The team at Starschema, a data services and technology company, believes data has the power to change the world. When the COVID-19 pandemic hit the world last March, Starschema felt an obligation to act. The company quickly responded by packaging and sharing data to help inform better decision-making. The Starschema team created a robust COVID-19 epidemiological data set and made it available, for free, to thousands of companies via Snowflake Data Marketplace.
The data set has served as a single source of truth for COVID-19 incidence and mortality data throughout the pandemic, helping organizations build contingency plans and make more-informed decisions in response to the global health crisis. To date, hundreds of organizations have leveraged the data in Snowflake Data Marketplace, including healthcare companies, retailers, and even financial services providers. For example, Harvard Business Reviews reports that Capital One uses Starschema’s data to forecast and plan response scenarios for its workforce and customers.1
“Everyone is dealing with the effects of COVID-19 in one way or another,” Tamas Foldi, CEO at Starschema, told Business Wire when the data was first made available.2 “Our goal is to deliver the highest quality data, sound enough to stake lives on, with the utmost transparency.”
Taking a closer look at what made this data set so powerful, a few best practices emerge.
Put your data where users are
Instead of housing the data exclusively on its website and trying to bring potential users to it, Starschema also made it immediately available to all Snowflake customers through Snowflake Data Marketplace, which spurred quick adoption. Since the Starschema dataset was available with one-click simplicity on the Snowflake Marketplace, our customers could begin using it right away, greatly reducing time to value.
Remove barriers to access
Given the critical importance of this data set to organizations across industries and geographies, Starschema made it available to Snowflake customers for free. While not every business can afford to build and maintain such a data set, lowering the cost of access encourages more organizations to use the data. Additionally, because the data is available on Snowflake Data Marketplace, Snowflake customers save money on data integration costs. No ETL is required. Instead, the live, ready-to-query data is always at their fingertips.
Keep it fresh
With COVID-19, every day tells a new story. The Starschema team works tirelessly to ensure its data set always includes the highest quality, most-recent data. In this way, they empower users to leverage it for real-time decision-making. With Snowflake Data Marketplace, Snowflake customers always have access to the most-current data.
From day one, the Starschema team has used a public GitHub repository to house and document any data transformations. The team is transparent about where data originated and when it was last refreshed, and they are careful to include any caveats. “When it comes to data that will support critical decisions, we cannot simply offer a black box,” said Chris von Csefalvay, Starschema’s VP of Special Projects. “We need to show every step of the way for how we arrive at the numbers.”
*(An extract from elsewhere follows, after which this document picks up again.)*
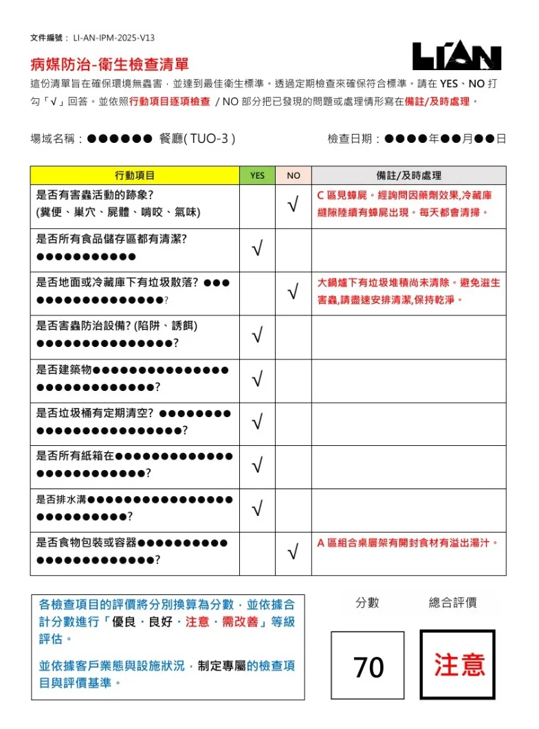 衛生檢查表並非採用標準化的制式表單,評估客戶的業務類型與設施特性進行客製化設計。它定義所需的檢查區域及管理重點項目,避免遺漏重要環節,是執行衛生管理作業的最佳紀錄工具。

By keeping the data up to date and making its origins transparent, Starschema has built trust with users, encouraging greater usage over time.
Bust data silos
The COVID-19 data set combines information from a variety of sources. These contributing data sets typically exist in a wide variety of formats, each with its own structure and fields, making them difficult to integrate and normalize. By partnering with Snowflake, Starschema broke down silos and brought these data sets together, increasing their value to users.
The Starschema team leveraged automation to reduce errors and make processing more reliable. By writing a script to normalize and unify the data once, the team updated the data set automatically. “Without automation and a streamlined execution model, we could not have sustained the growing workload coming from an increasing number of data sets,” von Csefalvay explained.
The Starschema team continuously maintains the data set, which includes monitoring it for issues, fixing breaks, and replacing data sources if one stops publishing data or a better source becomes available—while always letting users know what’s changed.
Listen to your users
Starschema understands that the most valuable data sets are not static; rather, they should grow and evolve over time as use cases and user needs change. The team actively solicits feedback on its data set from users, asking how they leverage the data, what data types would be useful to add, and more. In response to user feedback, more inputs are added over time, including the recent addition of COVID-19 vaccination rates.
Starschema takes inbound feedback seriously, responding to the majority of specific customer requests for data sets, clarifications, or bug fixes within 24 hours. By involving users in the data set’s evolution, Starschema has turned them into collaborative partners.
“Good things happen when people share data, and few things confirm this more than this project,” von Csefalvay said.